Therese Christensen (1946–2017) was one of Norway’s significant artists and a distinctive figure in Bergen’s art world. The exhibition “Afternoon Signals” in the Tower Room presents a selection of works from the end of the 1990s to some of the last works she produced.
Inspired by her studies in Los Angeles, Christensen worked with painting and drawing in an abstract idiom, where references to American abstract expressionism and colour field painting are clearly present.
Towards the end of the 1990s Christensen gradually moved away from a darker palette and a compositional painting style, towards a more transparent and weightless mode of expression. When standing in front of the works, which have an almost corporeal format, the viewer becomes engulfed in the movement that takes place on the canvas.
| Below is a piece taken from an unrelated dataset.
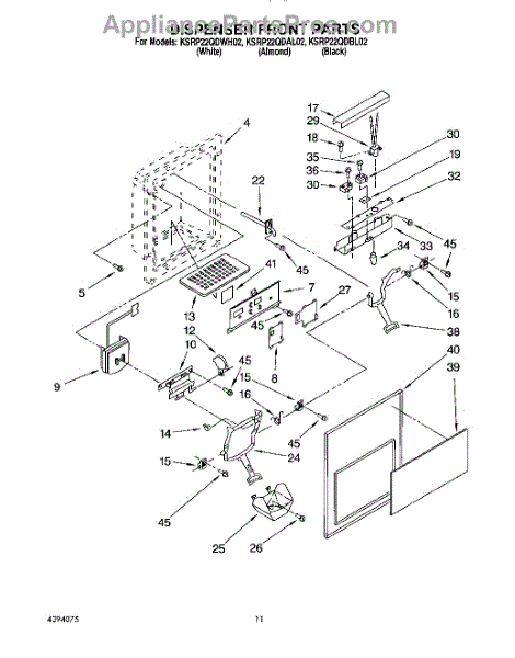 Parts for Kitchenaid KSRP22QDBL02: 07 - Dispenser Front Parts

Therese Christensen was educated at UCLA in Los Angeles, The National College of Art and Design (today part of the Oslo National Academy of the Arts) and West Norway’s National Academy of Art in Bergen. She made her debut at the Annual Autumn Exhibition already as a student, and was represented in a long line of solo and group exhibition throughout her career.
With her focus on abstract and expressionist forms of expression Christensen distinguished herself early on in the local art milieu. “My point of departure is always colour”, Christensen said about her works. She was preoccupied with the movement of colours between surface and form, and how colours were capable of evoking atmosphere as well as physical sensations in the viewer.
For Christensen the physical and visual aspects of the picture plane were essential. The canvas was submitted to improvised acts. When painting, she eventually abandoned the brush in favour of using her hands and fingers directly on the canvas in order to achieve a more direct and intuitive contact with the surface. Materials such as pigments, glue and water were applied to unprimed canvases.
This method of working, where the colours are diluted and soak into the support, produces a watercolour effect. The colours achieve subdued, aesthetically beautiful resonances that interact with each other, creating little conversations between them. In some of the last paintings and drawings we can discern traces of writing, applied with the left hand, often while blindfolded. In this way Christensen liberated herself from habitual actions, relying rather on circumstantial and indeterminate effects.
The exhibition “Therese Christensen – Afternoon Signals” exhibits works from KODE’s own collection and private loans. The exhibition will be on view in the Tower Room in KODE 4 until 21 October 2018.